Allogenic Mesenchymal Stem Cell Transplantation For Refractory Severe Pyoderma GangrenosumXi Yang, Dandan Wang, Jun Liang, Jinyun Chen, Xuebing Feng and Lingyun Sun*
Department of Rheumatology and Immunology, The Affiliated Drum Tower Hospital of Nanjing University Medical School, Nanjing, China
- *Corresponding Author:
- Lingyun Sun, MD, PhD
Department of Rheumatology and Immunology
The Affiliated Drum Tower Hospital of Nanjing University medical School, Nanjing, China
E-mail: [email protected]
Received date: April 14, 2014; Accepted date: June 20, 2014; Published date: June 22, 2014
Citation: Yang X, Wang D, Liang J, Chen J, Feng X, et al. (2014) Allogenic Mesenchymal Stem Cell Transplantation for Refractory Severe Pyoderma Gangrenosum. J Stem Cell Res Ther 4:213. doi:10.4172/2157-7633.1000213
Copyright: © 2014 Yang X, et al. This is an open-access article distributed under the terms of the Creative Commons Attribution License, which permits unrestricted use, distribution, and reproduction in any medium, provided the original author and source are credited.
Background: Pyoderma Gangrenosum (PG) is a rare and an idiopathic, inflammatory ulcerative condition, which is a diagnosis of exclusion and the treatment are empirical and based on small series or local experience. Mesenchymal stem cells (MSCs) have immunomodulatory and tissue-repairing effects in autoimmune diseases.
Objectives: This study aimed to assess the efficacy of UC-MSCT and define whether there is remission of wounded skin in refractory severe PG patient.
Methods: Twenty nine year old male PG patient was recuited. UC-MSCs were prepared by the Stem Cell Center of Jiangsu Province (Beike Bio-Technology). The patient underwent two times of UC-MSCT on June 13th, 2012 and June 27th, 2012. The protocol was approved by our Ethics Committee and informed consent was signed from the patient.

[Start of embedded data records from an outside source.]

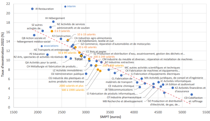 Dans les secteurs ayant fortement recours à de la main d’œuvre à bas salaires, comme la Restauration, l’Hébergement et l’Intérim, le taux d’exonération affiche des niveaux (supérieurs à 18 %) très au-dessus du taux moyen (10,9 %. Ce sont les secteurs qui ont les Salaires Moyens par Tête (SMPT) les plus bas : entre 1 888 € et 2 621 €.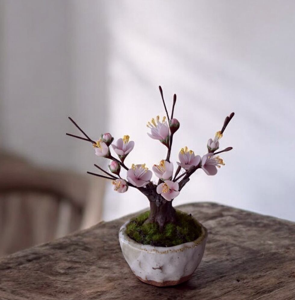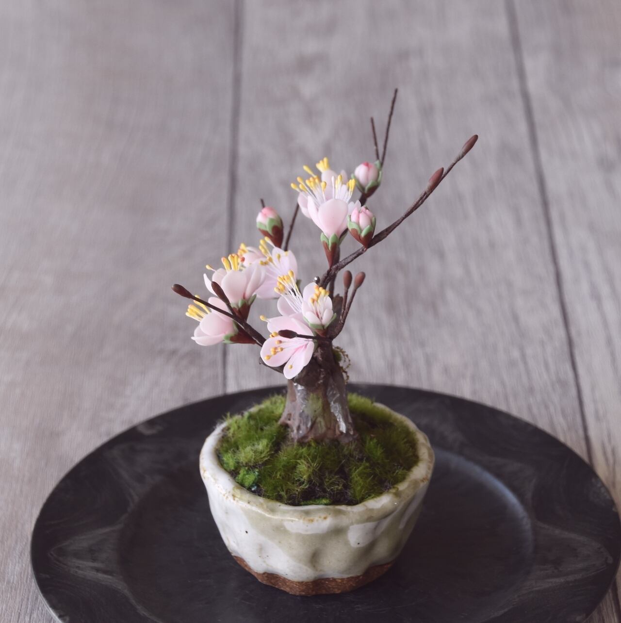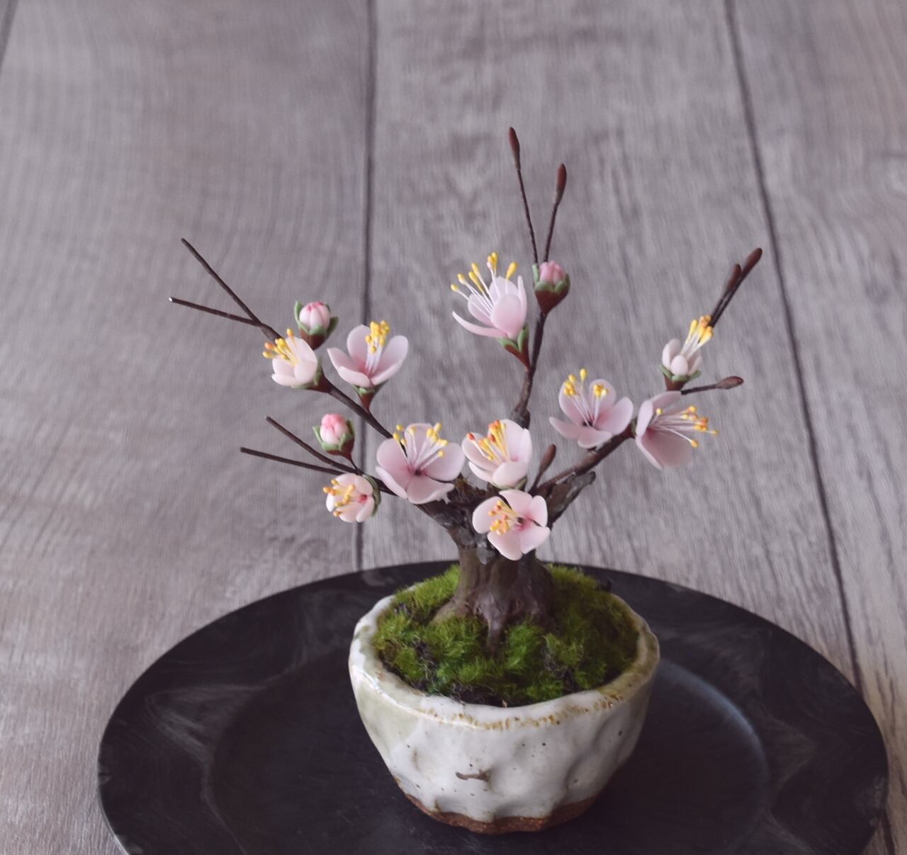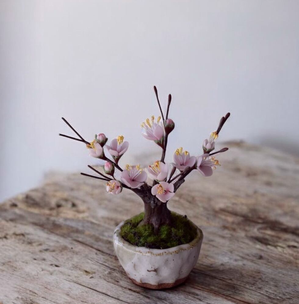 ◆粘土のお花◆ 枯れない梅の木♪ 梅盆栽 白 U1112
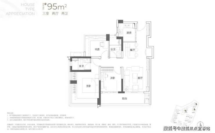 95㎡的3房2厅2卫设计的是竖厅格局,客厅3.5米开间,LDKB一体化,S墙设计预留冰箱卡槽位,3个卧室分别做到了3.6米/2.8米/2.8米的宽度,主卧加1个次卧270°全景飘窗,客厅连接次卧出6.3米长的大阳台,U型厨房,得房率约85-95%(包含赠送),西南或东北朝向。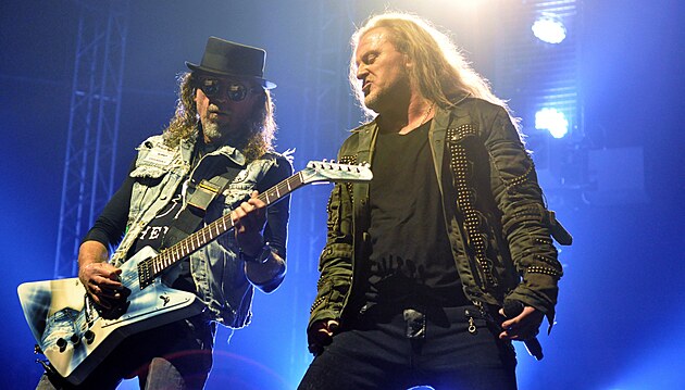 Josef Vojtek (vpravo) a Tomáš Krulich během koncertu kapely Kabát v Liberci (12. listopadu 2022)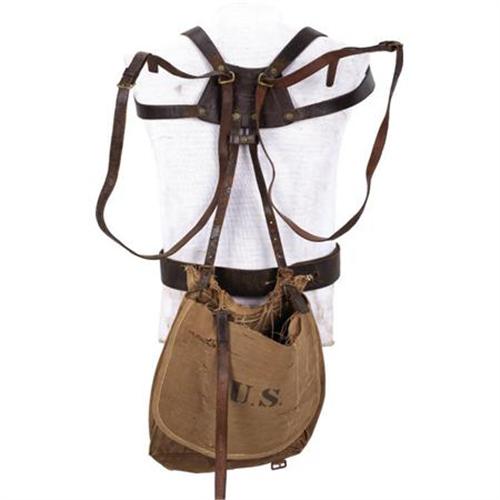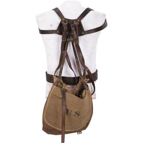 <B>U.S. ARMY 'PALMER' STYLE BRACE STYLE SYSTEM CIRCA 1874.</B></I> Manufactured at Watervliet Arsenal. Belt itself is actually from an experimental 1872 brace system. All other leather components are from the 1874 Palmer system. A remnant of a haversack is included with this lot.<BR><BR><B>Condition:</B></I> Leather components are pliable but could stand a good leather preservative treatment. 1872 pattern belt plate is an original replacement as it doesn't catch properly on the hasp. Haversack is in relic condition.<BR><BR><b>Shipping:</b> Miscellaneous Collectibles, Larg (<a target="_blank" href="http://www.heritageauctions.com/common/shipping.php">view shipping information</a>)

Results: The PG patient presented with pustules over the lower limbs and was refractory to oral prednisolone (initially 60 mg per day, tapered in 8 weekly steps to 5 mg per day) , pulse intravenous cyclophosphamide (0.6 g per month for 6 months) and he also underwent two times unsuccessful of skin grafting for the lower extremity ulcers. There are no adverse events during the UC-MSCT treatment. After one week, he was free of intense pain and the exudation significantly reduced. Auto-skin grafting was given 4 weeks after UC-MSCT and the grafts came from his back and inner thigh. His ulcers significantly healed with complete resolution of pain 2 months after UC-MSCT. Maintenance therapy followed transplantation included prednisone 5 mg per day and intravenous cyclophosphamide 0.6 g per month.
Conclusions: This is the first reported case of successful allogenic UC-MSCT for refractory severe PG. Although additional studies are needed to confirm this finding, we believe that UC-MSCT may be considered a therapeutic option in large area ulcerative PG patients unresponsive to conventional treatments.